Start of Exercise data

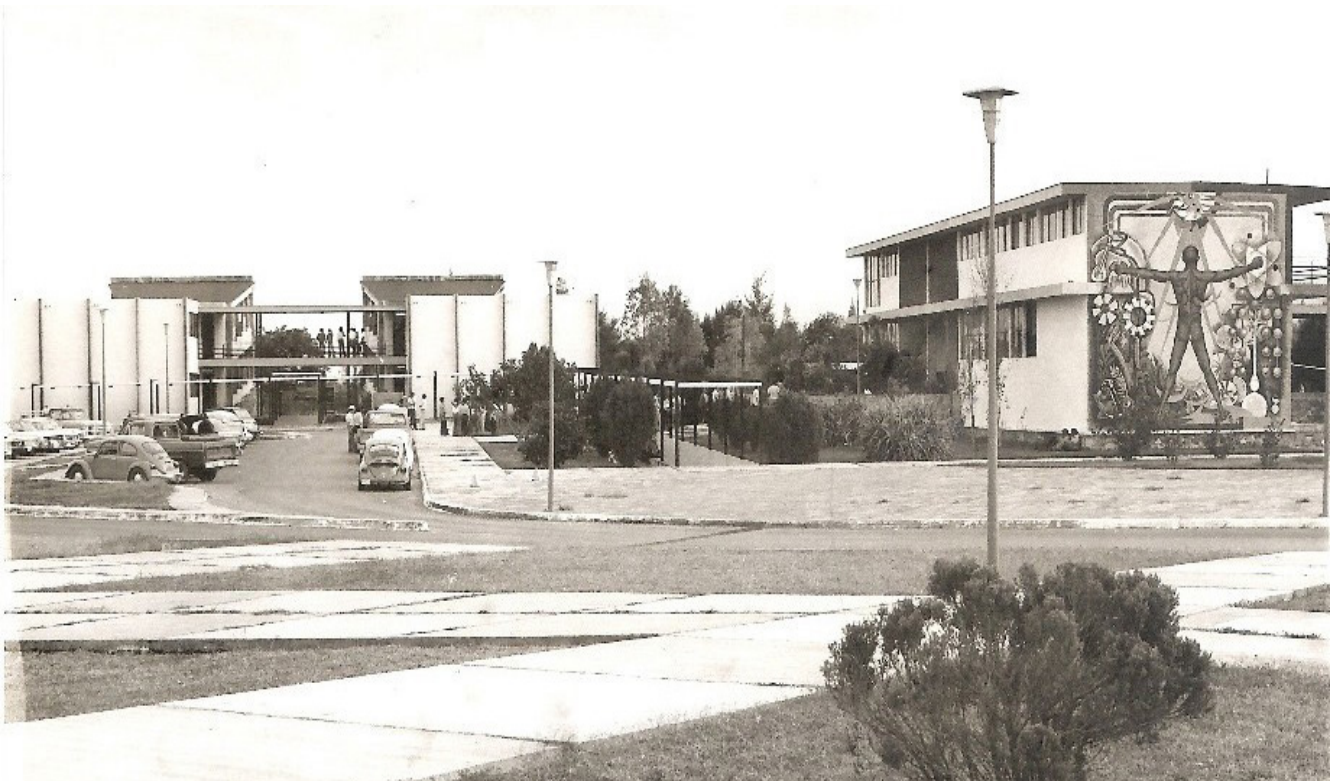
Universidad de Tamaulipas, primeros edificios del centro universitario Adolfo López Mateos, campus Victoria.
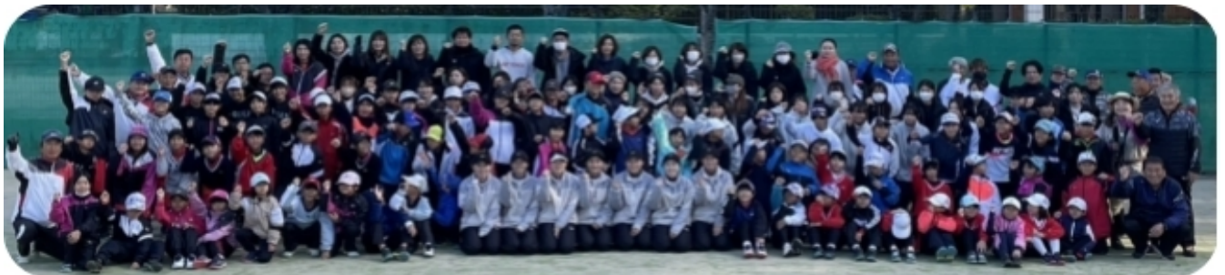
参加者全員で記念撮影(東芝姫路の選手たちは前列中央 監督は前列右端)

今年は途中、雨が降るアクシデントがありました。雨が振ってる最中も東芝姫路の選手たちの指導は続きました。今回はサンテレビの「いいねテニス」の取材もあり、サンテレビでの放送はもちろんですが、TVerでも放送されます。
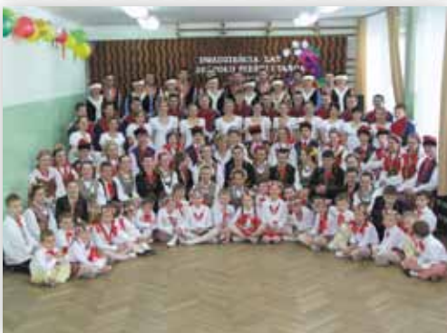
Jubileusz 20-lecia ZPiT „Jaworek” – styczeń 2006 r. (D.M.)
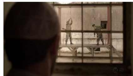
تصویر ۵: فصل اول، قسمت اول Picture5. Season 1, Episode 1
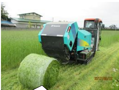
5月 イネWCS収穫専用機にて収穫

End of Exercise data

■ Work order
Drop the pictures; repeat the listing above exactly.

■ Response
Universidad de Tamaulipas, primeros edificios del centro universitario Adolfo López Mateos, campus Victoria.
参加者全員で記念撮影(東芝姫路の選手たちは前列中央 監督は前列右端)

今年は途中、雨が降るアクシデントがありました。雨が振ってる最中も東芝姫路の選手たちの指導は続きました。今回はサンテレビの「いいねテニス」の取材もあり、サンテレビでの放送はもちろんですが、TVerでも放送されます。
Jubileusz 20-lecia ZPiT „Jaworek” – styczeń 2006 r. (D.M.)
تصویر ۵: فصل اول، قسمت اول Picture5. Season 1, Episode 1
5月 イネWCS収穫専用機にて収穫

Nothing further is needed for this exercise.